What did they do to make the loss drop so much in phase 3?
Also, why are they comparing with Llama 4 Maverick? Wasn’t it a flop?
you can’t directly compare losses because they changed the data distribution for each phase ( I think. 100% guaranteed they change the data distribution after the 10 trillion token mark, that’s when they start adding in instruction following data, but I don’t know for sure if the other phase changes also include data distribution changes.)

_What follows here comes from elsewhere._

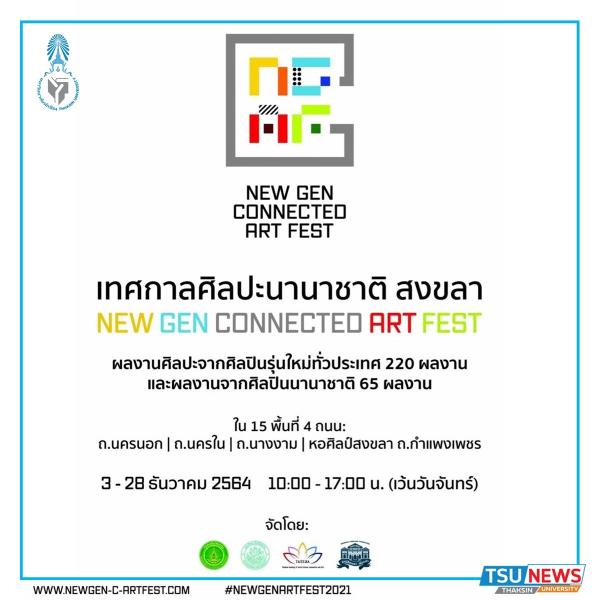 คุณอำมฤทธิ์ ชูสุวรรณ ศิลปินแห่งชาติ (สาขาสื่อผสม 2563) ประธานโครงการ หัวหน้าภัณฑารักษ์ ให้ข้อมูลเกี่ยวกับการจัดงานในครั้งนี้ว่า “เทศกาลศิลปะนานาชาติสงขลา เชื่อมโยงจากรุ่นสู่รุ่น New Gen Connected Art fest ครั้งนี้เป็นการจัดนิทรรศการที่มีการจัดการแบบเป็นระบบที่จะเป็นมาตรฐานต่อการจัดการศิลปะต่อไป มีการคัดสรรบุคคลเข้ารับการอบรมเพื่อทำหน้าที่ภัณฑารักษ์ โดยแยกตามภูมิภาคต่างๆ แล้วจึงไปคัดสรรผลงานของศิลปินในภูมิภาคนั้นๆ นำเสนอทางนิทรรศการในรูปแบบ online แล้วจึงนำผลงานเหล่านั้นมาคัดสรรอีกครั้ง โดยภัณฑารักษ์ ส่วนกลางร่วมกับภัณฑารักษ์ภูมิภาคซึ่งกว่าจะออกมาเป็นนิทรรศการ เทศกาลศิลปะนานาชาติ สงขลา “เชื่อมโยงจากรุ่นสู่รุ่น” New Gen Connected Art Fest 2021 ครั้งนี้ ได้มีการจัดกิจกรรมอบรมภัณฑารักษ์ 4 ภาคโดยผู้ทรงคุณวุฒิมีประสบการณ์แขนงต่าง ๆ จากนั้นมอบหมายให้ภัณฑารักษ์ประจำภูมิภาคค้นหาผลงานศิลปะจากศิลปินรุ่นใหม่ กว่า 1,000 คน ได้ผลงานในระยะแรกกว่า 1,000 ชิ้น หลังจากนั้นผลงานจะถูกคัดสรรโดยภัณฑารักษ์ส่วนกลาง เหลือเพียง 220 ชิ้น และศิลปินรับเชิญจากนานาชาติ อีกจำนวน 66 ชิ้น งาน จาก ยุโรป อเมริกา เอเชีย และอาเซียน และจัดแสดง ในพื้นที่ ต่างๆใน 3 ถนน คือ ถนนนครนอก ถนนนครใน และถนนนางงาม รวมทั้งพื้นที่หลักคือ คือ หอศิลปสงขลา ถนนกำแพงเพชร ซึ่งผู้ชมสามารถเดินชมผลงานศิลปะทั้งหมดและเดินชมภูมิทัศน์ของเมืองไปพร้อมๆกัน ผลงานที่ได้รับการเลือกสรรทั้งหมดจะนำไปจัดแสดงนิทรรศการในสถานที่ทรงคุณค่า แปลกใหม่ โดดเด่นนั่นคือ พื้นที่สงขลาเมืองเก่า จังหวัดสงขลา ฉะนั้น ผู้ชมจะได้เดินเที่ยวถ่ายภาพชมบรรยากาศความงดงามของเมืองเก่าที่ขนาบด้วยสองทะเล แล้วยังได้เดินเช็คอิน ค้นหาผลงานศิลปะที่ถูกจัดแสดงอยู่ในหอศิลป์สงขลา ร้านกาแฟ ร้านอาหาร สถานที่สุดเก๋ไก๋ ทั่วทั้งเมืองสงขลาตามพื้นที่ต่างๆ 15 พื้นที่ ในเมืองเก่าสงขลา โดยจะเปิดให้รับชมได้ตั้งแต่ วันที่ 3 ธันวาคม – 28 ธันวาคม 2564 เวลา 10.00 น. - 17.00น. เว้นวันจันทร์” สามารถดูรายละเอียดเพิ่มเติมได้ที่ https://bit.ly/3lhyA9f

```During development of the RSDB, we noted significant enough performance gains from it that we decided to integrate it during phase 3 of the Trinity Large training run instead of waiting for a later training run. While the data distributions between phase 2 and phase 3 make direct comparison difficult, the overall effect was notable: BatchHet reduced by a factor of 4.23x, and step-to-step variance reduced by a factor of 2.4x (see Figure 1), a significant improvement when compared to the default packing strategy. We note that training runs without the RSDB exhibit much higher values in the higher-order moments of the running loss distribution, which we believe to correlate with network instability during training. ```
Page 9 of the technical report has more details, but it looks like they found some data prep methods as well as some other optimizations that overall worked out really well. I don't think it was any one particular thing.
As far as Llama 4 goes, it was only referenced as a similarly sized model, they called it one of their model "peers"; I don't think they intended any sort of quality comparison. Llama 4 was notable for sparsity, despite its poor performance and reception, some of the things they achieved technically were solid, useful research.